New study suggests N95 respirators can be safely reprocessed to augment supply in future epidemics
Results from a study published today in the American Journal of Infection Control (AJIC), suggest that a common type of N95 respirator can be safely reprocessed to augment supply during future epidemics. Researchers at Beth Israel Deaconess Medical Center and Massachusetts institute of Technology (MIT) reprocessed respirators using vaporized hydrogen peroxide (VHP), a standard decontamination approach, and found that the devices maintained their function and effectiveness on human subjects with up to 25 cycles of re-use.

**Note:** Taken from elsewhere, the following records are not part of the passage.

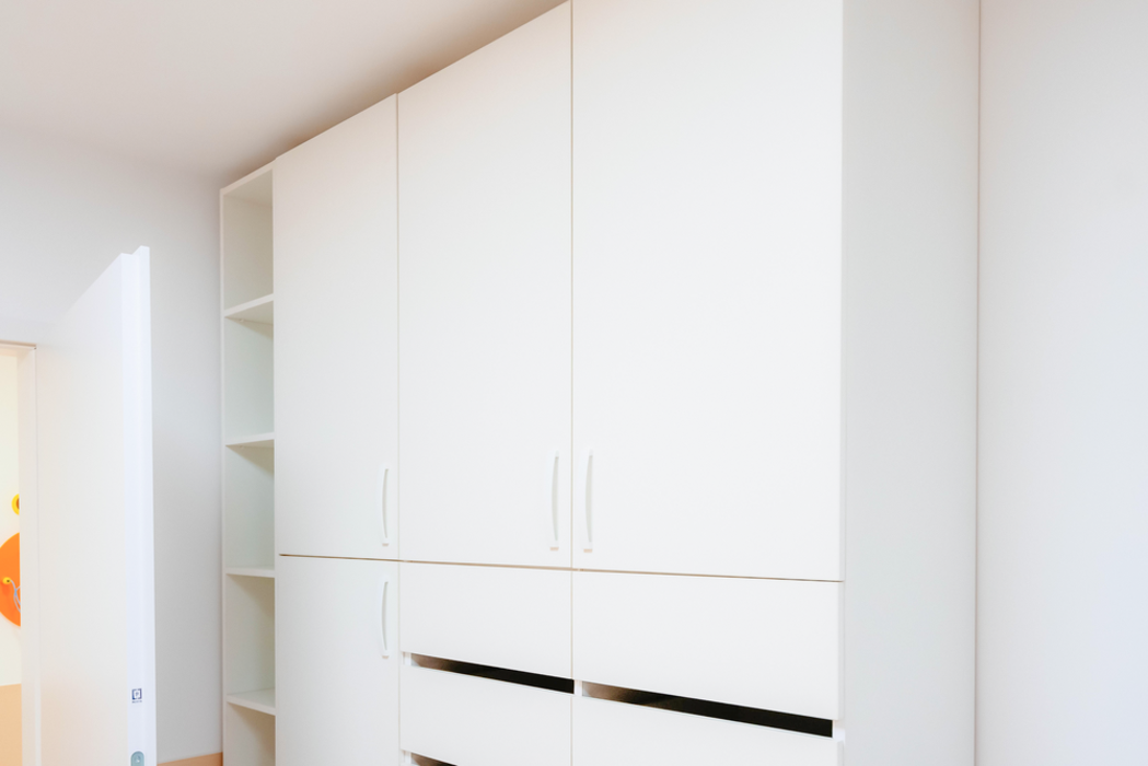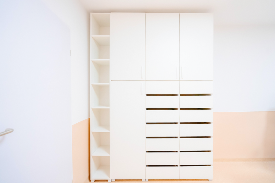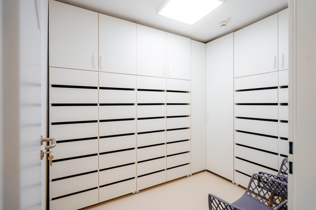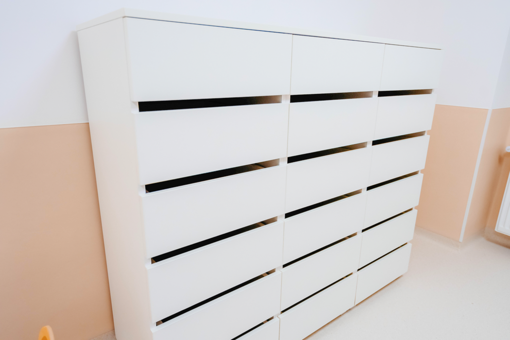 Ergänzt wird das Konzept durch Holzdekore wie Egger H1145 ST10 sowie helle, reduzierte Flächen in Egger W1000 ST19. Diese Kombination verbindet natürliche Anmutung mit hoher Pflegeleichtigkeit. Die sorgfältig abgestimmten Oberflächen erzeugen ein ausgewogenes Farb- und Materialbild, das Ruhe ausstrahlt und gleichzeitig eine freundliche, kindgerechte Umgebung schafft. ABS-Kanten sorgen dabei für Langlebigkeit und schützen die Möbel im intensiven Alltag eines Gesundheitsbetriebs.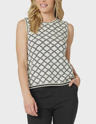 Clover Print Sleeveless Knit Top - Ivory/Black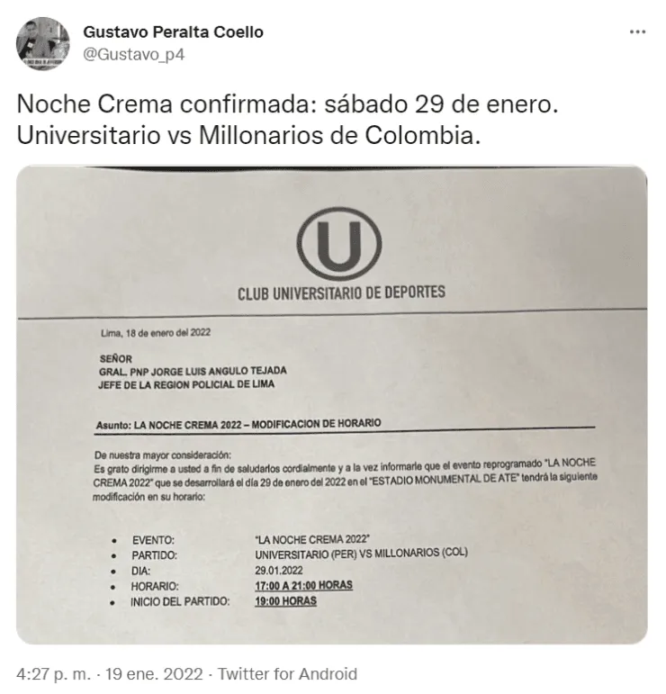 “Noche Crema confirmada el sábado 29 de enero. Universitario vs Millonarios de Colombia”, fue el mensaje que publicó el periodista Gustavo Peralta, acompañado de una fotografía del documento que confirmaría la realización de la presentación oficial del plantel 2022 del club merengue.
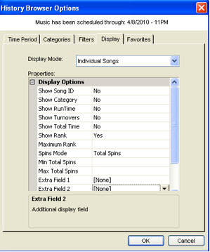 Display – This is where you’ll set up the report. In the Display Mode, we suggest selecting Individual Songs. You can choose to include any of the other Properties listed. We would suggest at least “Show Rank.” Notice there are also Extra Fields so you can include other fields that you may want to see, for instance record label or automation number.

N95 respirators are commonly used in hospitals worldwide to protect healthcare personnel from infectious pathogens. During the SARS-CoV-2 pandemic, healthcare facilities experienced shortages of the respirators, forcing personnel to re-use them or resort to less protective alternatives (e.g., facial masks).
"The findings from our study expand upon previous findings that VHP is a relatively safe method for reprocessing N95 respirators, and could help address shortages in future epidemics," said Christina F. Yen, MD, infectious diseases physician who completed her healthcare epidemiology and infection control training at Beth Israel Deaconess Medical Center and the paper's lead author. "It is important that we now find ways to scale and translate this capability to smaller hospitals and resource-limited healthcare settings that could benefit just as much—perhaps more—from this type of personal protective equipment reprocessing in future disaster scenarios."
Dr. Yen and colleagues used VHP to serially decontaminate seven N95 respirators. After each VHP cycle, they conducted a series of qualitative and quantitative tests to evaluate both the function and effectiveness of the respirators on human subjects as compared to baseline. These tests comprised a user seal check (performed by subjects donning and doffing the respirators), qualitative and quantitative respirator fit testing, and filtration efficiency testing, which assesses the ability of the respirator to filter out particles.
Results published today in AJIC, the journal of the Association for Professionals in Infection Control and Epidemiology (APIC), show that even after 25 decontamination cycles there were no alterations to respiratory integrity or filtration efficiency among the seven N95 respirators the researchers evaluated. All met the primary endpoints of function and effectiveness, passing 25 user seal checks and eight quantitative and four qualitative fit tests, in addition to maintaining filtration efficiencies of 95% or above throughout the study. As compared to baseline filtration efficiencies of 99% for particles between 0.3-10 µm in diameter, filtration rates after VHP reprocessing cycles 20 and 25 for 0.3-10 diameter particles were 99.9% and 99.6%, respectively. These changes were not statistically significant (p=0.10 after cycle 20 and p=0.05 after cycle 25).
The researchers noted that successful, large-scale implementation of N95 respirator reprocessing requires planning and coordination, multidisciplinary teams to ensure disinfection efficacy and end-user safety, and significant logistical support.
"In order for reprocessing to be a realistic option for healthcare facilities, certain steps need to be taken," Yen said. Examples of these steps include creating relationships between infection prevention, occupational health, environmental services, and other relevant functions within hospitals to facilitate implementation of appropriate technologies and advocating for the inclusion of personal protective equipment reprocessing in epidemic and pandemic planning.
"The findings from this study are encouraging and valuable, particularly given the N95 respirator shortage we experienced during the COVID-19 pandemic," said Ann Marie Pettis, BSN, RN, CIC, FAPIC, and APIC 2021 president. "The results make clear that investing in VHP capabilities now could help to ensure equitable access to personal protective equipment during any future pandemic."